Erleichtert klopfte sie sich den gröbsten Staub von ihrem Overall, schüttelte ihn aus den Haaren. Mit ihrem Taschenspiegel stellte sie verblüfft fest, dass sie wie durch ein Wunder keinen einzigen Kratzer abbekommen hatte. Verletzt war sie nicht, aber Herz und Gemüt bluteten ihr, denn sie musste feststellen, dass die Mauerfüße gesäumt waren von an die Hundert mehr oder minder verletzten Zivilisten, unter ihnen sicher zwei bis drei Dutzend Tote. So als zeigten sie sich mit ihrem grausigen Werk zufrieden, war der Granathagel abrupt abgerissen.
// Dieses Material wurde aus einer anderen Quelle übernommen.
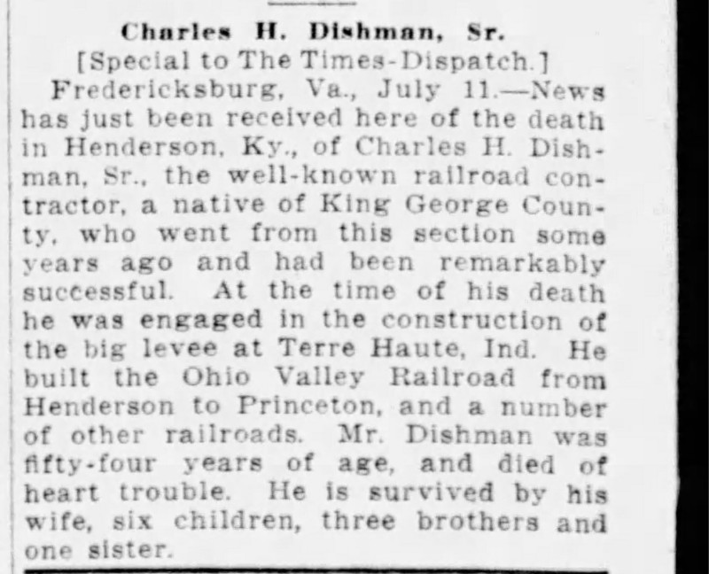 S0775--Obit--1913-07-12--Richmond_Times_Dispatch--Charles H. Dishman

Die Reporterin wartete nicht auf das Eintreffen der Sanitäter und Leichenwagen, sondern kletterte auf den intakt gebliebenen Roller, ihr Herz schlug weiter wie eine ekstatisch geschlagene Bongotrommel, sie drehte den Zündschlüssel... der Motor sprang an, und sie setzte – ebenso schockiert wie grüblerisch – den Weg fort, so wie auch alle anderen Heilgebliebenen ihre Beschäftigungen wiederaufnahmen, als sei nichts geschehen. Überall wurden die Türen wieder aufgemacht, die Rollläden wieder hochgezogen, die Gaslampen wieder angezündet, und wie Ratten, die wieder ins Nest zurückkehren, fanden auch die bei der sinnlosen Flucht davongekommenen Bewohner wieder in ihre Häuser und Baracken zurück. Die, die zurückgeblieben waren, kamen stattdessen heraus, in den Händen einen Strick haltend, und wie Katzen, die nach dem Gewitter wieder aus ihren Schlupflöchern hervorkriechen, bewegten sie sich mit kleinen, vorsichtigen Schritten, um nur ja kein Geräusch zu machen, mit angehaltenem Atem, um jedes Geräusch zu hören, und mit weit aufgerissenen Augen, um die staubverdunkelte Luft durchdringen zu können. Neuerlich wurde die Waffenruhe in einem Sonderkommuniqué aus Rundfunklautsprechern verkündet, die schrillen Muezzins ratifizierten sie von den speerschlanken Minaretten herab mit Gebeten zu Allah, die Soldaten bestätigten sie von Panzern aus mit lauten Jubelrufen und feierlichen Flüchen, doch die Sarajlije, Sarajevos Einwohner, wollten der Sache nicht recht trauen. Erst nachdem sie sich versichert hatten, dass nicht mehr auf sie geschossen wurde, begannen sie rasch zu gehen, und es sah so aus, als würden sie etwas suchen. Sie waren auf der Suche nach ihren Toten. Und sobald sie einen gefunden hatten, blieben sie wortlos stehen, knoteten ein Ende des Stricks um dessen Knöchel oder Brustkorb, nahmen das andere Ende über ihre Schulter und schleiften ihn weg wie einen Schlitten. Tote zu finden war nicht schwer. Wo man auch hinschaute, überall sah man einen liegen.